Above: Facing the Truth (2002)

The other anomaly in the retrospective, and possibly wisest film of all in the series, was 2002's black and white Facing the Truth, which dramatizes a medical scandal Malmros's father went through after it was revealed that one of his regular procedures during the Second World War in occupied Denmark later caused the deaths of many of his patients. This tremendously moving story of his father brings to a forefront all of these films' considerations of the impact of decisions taken, and while many of them find their core morality in if, when, with whom, and why a man has sex, Facing the Truth expands the scope to the life or death choices made on the operating table, with a child under the knife. Showing his father's upbringing, young marriage and practice, and intercutting it with the mid-80s scandal nearly a half century later, Facing the Truth—like Boys (1977), set across three ages of male youthfulness, Tree of Knowledge, tracking (and shot over) two years of childhood, and Aching Hearts (2009), set across (and also shot over) three years of a young man's high school experience—telescopes time to show how small but charged decisions so importantly impact and inform how later lives are led. This reaches what could only be the ultimate and most direct expression of this idea in Sorrow and Joy, which in flashing back to narrate a director's short relationship with the woman who would become his wife, looks not for the sense of his child's murder at his wife's hands, but looks for the what that created a situation where such horror was not only possible, but probable.

Above: Sorrow and Joy (2013)

As is clear, there is a nearly self-perpetuating aspect to Malmros's career, past events inspiring productions which sometimes become past events which likewise inspire the future. (Sorrow and Joy, for example, re-creates, again fictionally, the shooting of scenes for Tree of Knowledge and Beauty and the Beast.) Such a thing isn't entirely unusual, except that with Malmros it is in combination with the extremity of both the director's life—the consideration of which is recounted fictionally in his films—and the steady, unfussy, and distinctly moral way these stories are then told through cinema. They are not the confessions of a cinema of sentimental or vulgar self-abasement. Nor are they cinema as therapy or art as catalyst for life as catalyst for art. No: this is a very strange thing, very compassionate and in pursuit of understanding. And the films are all the more strange because of their vivid, open compassion, and vice versa.
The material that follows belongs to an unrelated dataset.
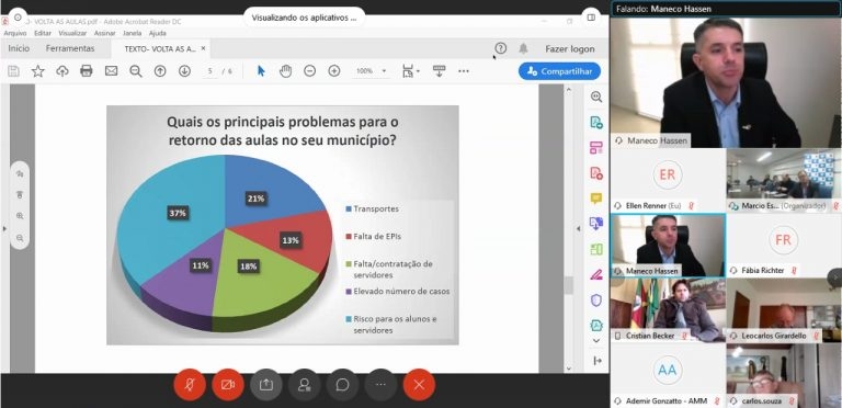 Em Assembleia Geral, realizada por videoconferência na manhã desta terça-feira (18/8), a Famurs e as associações regionais debateram sobre o resultado da pesquisa sobre o retorno das aulas. Conforme levantamento da Federação, 94% dos gestores são contra a proposta do governo do Estado em retomar as aulas presenciais dia 31 de agosto pela Educação Infantil.
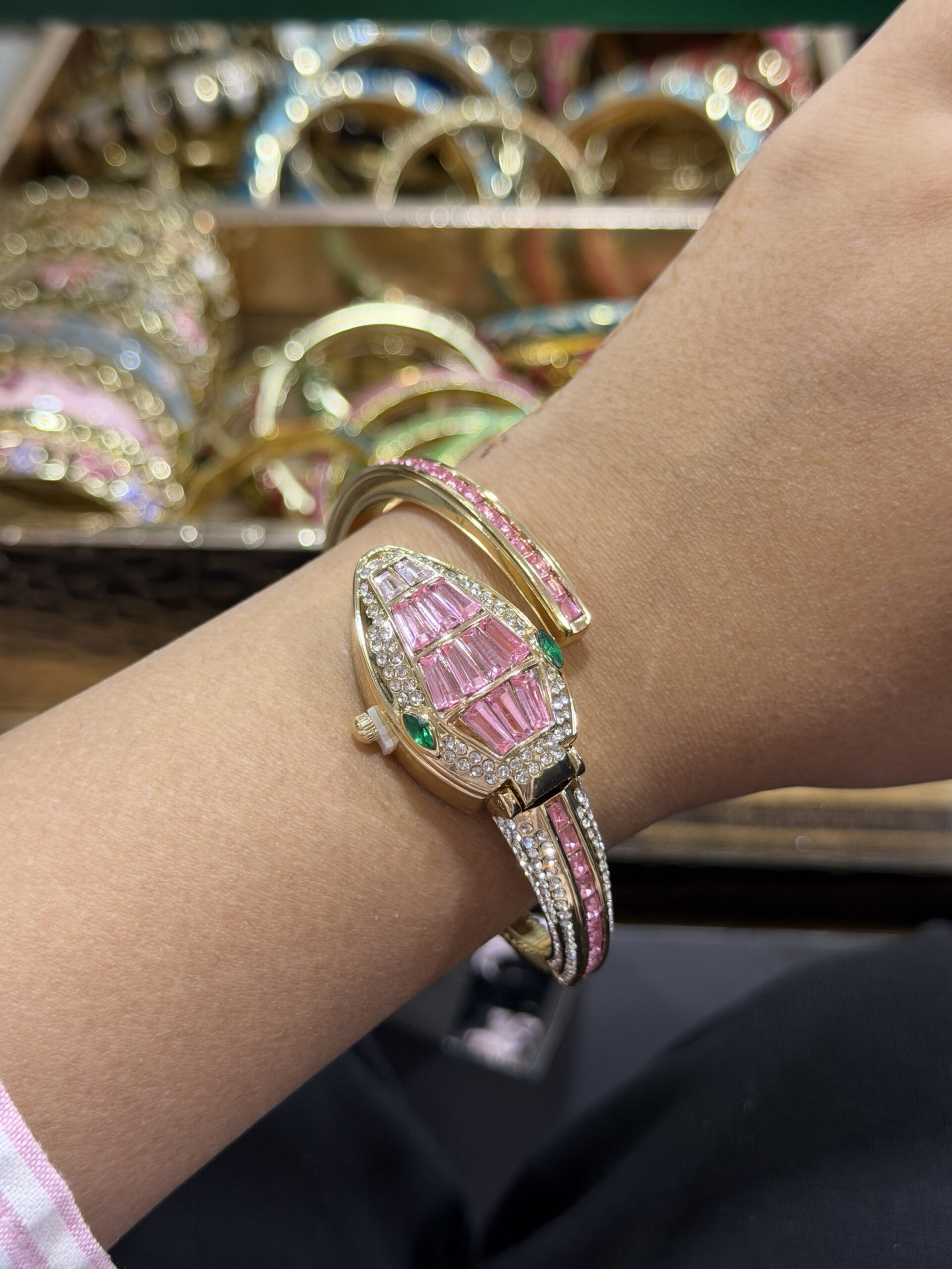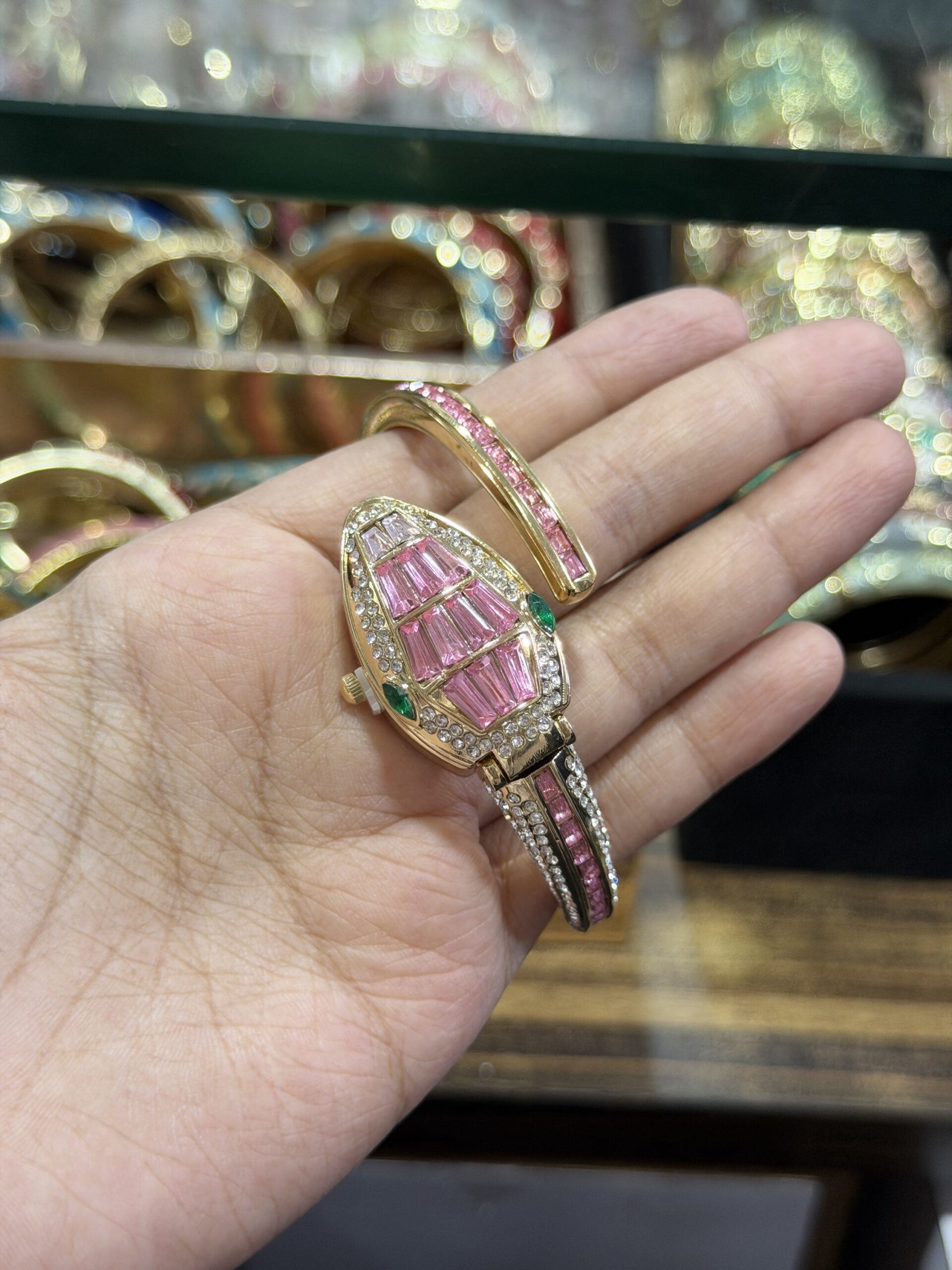 Pink snake diamond watch openable

It is way of working not through him, this man, the problems of “Nils Malmros,” but a way of understanding the larger world by looking at and constructing from that examination core aspects of the life humans live. (The films have tracked from boyhood to young adulthood to adulthood. The director claims Sorrow and Joy to be his final film, but there is clearly more of life left to understand.) Frightening but heartfelt, Malmros's cinema is, thus, a cinema for everyone. Which, coming from the very particular place of this man's life, is what appears so radical at the festival.